*SOURCE INFORMATION*.

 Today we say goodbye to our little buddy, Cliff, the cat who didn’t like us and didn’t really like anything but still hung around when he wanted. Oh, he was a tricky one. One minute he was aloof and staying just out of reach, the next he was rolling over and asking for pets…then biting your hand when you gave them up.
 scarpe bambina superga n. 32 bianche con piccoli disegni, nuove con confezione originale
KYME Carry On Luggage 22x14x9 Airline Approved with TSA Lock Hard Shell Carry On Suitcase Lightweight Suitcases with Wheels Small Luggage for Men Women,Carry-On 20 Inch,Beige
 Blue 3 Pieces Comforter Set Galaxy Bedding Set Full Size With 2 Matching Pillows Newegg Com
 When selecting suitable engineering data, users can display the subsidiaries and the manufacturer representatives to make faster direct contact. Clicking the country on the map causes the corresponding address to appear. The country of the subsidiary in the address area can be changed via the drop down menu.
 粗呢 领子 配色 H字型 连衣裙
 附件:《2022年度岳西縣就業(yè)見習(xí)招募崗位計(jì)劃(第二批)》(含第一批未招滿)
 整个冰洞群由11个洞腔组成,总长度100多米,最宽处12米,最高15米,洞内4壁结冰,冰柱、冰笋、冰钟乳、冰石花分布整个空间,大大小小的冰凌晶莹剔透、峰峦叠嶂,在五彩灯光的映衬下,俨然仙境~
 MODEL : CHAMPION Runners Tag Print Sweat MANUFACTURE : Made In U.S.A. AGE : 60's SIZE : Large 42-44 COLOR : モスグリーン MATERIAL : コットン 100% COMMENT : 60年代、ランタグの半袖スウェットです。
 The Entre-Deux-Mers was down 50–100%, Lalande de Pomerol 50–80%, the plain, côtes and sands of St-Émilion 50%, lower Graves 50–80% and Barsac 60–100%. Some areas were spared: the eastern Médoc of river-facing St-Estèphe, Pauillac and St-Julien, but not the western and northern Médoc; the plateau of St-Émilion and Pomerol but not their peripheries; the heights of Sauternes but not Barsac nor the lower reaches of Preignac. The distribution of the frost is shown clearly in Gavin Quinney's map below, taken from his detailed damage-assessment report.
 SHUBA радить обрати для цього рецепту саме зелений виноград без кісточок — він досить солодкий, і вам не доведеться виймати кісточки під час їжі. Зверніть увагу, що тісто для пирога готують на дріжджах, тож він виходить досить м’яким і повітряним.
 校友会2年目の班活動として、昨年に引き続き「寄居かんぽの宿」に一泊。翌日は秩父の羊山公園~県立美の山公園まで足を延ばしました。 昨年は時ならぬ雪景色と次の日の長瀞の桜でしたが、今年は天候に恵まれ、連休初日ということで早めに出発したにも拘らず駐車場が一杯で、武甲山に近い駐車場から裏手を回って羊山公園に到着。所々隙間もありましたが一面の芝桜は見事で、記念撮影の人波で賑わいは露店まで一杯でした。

*WHAT IS EXPECTED*. Copy out the entire listing word for word. Keep every line as it is.

*REPLY TO THE TASK*.
 Today we say goodbye to our little buddy, Cliff, the cat who didn’t like us and didn’t really like anything but still hung around when he wanted. Oh, he was a tricky one. One minute he was aloof and staying just out of reach, the next he was rolling over and asking for pets…then biting your hand when you gave them up.
 scarpe bambina superga n. 32 bianche con piccoli disegni, nuove con confezione originale
KYME Carry On Luggage 22x14x9 Airline Approved with TSA Lock Hard Shell Carry On Suitcase Lightweight Suitcases with Wheels Small Luggage for Men Women,Carry-On 20 Inch,Beige
 Blue 3 Pieces Comforter Set Galaxy Bedding Set Full Size With 2 Matching Pillows Newegg Com
 When selecting suitable engineering data, users can display the subsidiaries and the manufacturer representatives to make faster direct contact. Clicking the country on the map causes the corresponding address to appear. The country of the subsidiary in the address area can be changed via the drop down menu.
 粗呢 领子 配色 H字型 连衣裙
 附件:《2022年度岳西縣就業(yè)見習(xí)招募崗位計(jì)劃(第二批)》(含第一批未招滿)
 整个冰洞群由11个洞腔组成,总长度100多米,最宽处12米,最高15米,洞内4壁结冰,冰柱、冰笋、冰钟乳、冰石花分布整个空间,大大小小的冰凌晶莹剔透、峰峦叠嶂,在五彩灯光的映衬下,俨然仙境~
 MODEL : CHAMPION Runners Tag Print Sweat MANUFACTURE : Made In U.S.A. AGE : 60's SIZE : Large 42-44 COLOR : モスグリーン MATERIAL : コットン 100% COMMENT : 60年代、ランタグの半袖スウェットです。
 The Entre-Deux-Mers was down 50–100%, Lalande de Pomerol 50–80%, the plain, côtes and sands of St-Émilion 50%, lower Graves 50–80% and Barsac 60–100%. Some areas were spared: the eastern Médoc of river-facing St-Estèphe, Pauillac and St-Julien, but not the western and northern Médoc; the plateau of St-Émilion and Pomerol but not their peripheries; the heights of Sauternes but not Barsac nor the lower reaches of Preignac. The distribution of the frost is shown clearly in Gavin Quinney's map below, taken from his detailed damage-assessment report.
 SHUBA радить обрати для цього рецепту саме зелений виноград без кісточок — він досить солодкий, і вам не доведеться виймати кісточки під час їжі. Зверніть увагу, що тісто для пирога готують на дріжджах, тож він виходить досить м’яким і повітряним.
 校友会2年目の班活動として、昨年に引き続き「寄居かんぽの宿」に一泊。翌日は秩父の羊山公園~県立美の山公園まで足を延ばしました。 昨年は時ならぬ雪景色と次の日の長瀞の桜でしたが、今年は天候に恵まれ、連休初日ということで早めに出発したにも拘らず駐車場が一杯で、武甲山に近い駐車場から裏手を回って羊山公園に到着。所々隙間もありましたが一面の芝桜は見事で、記念撮影の人波で賑わいは露店まで一杯でした。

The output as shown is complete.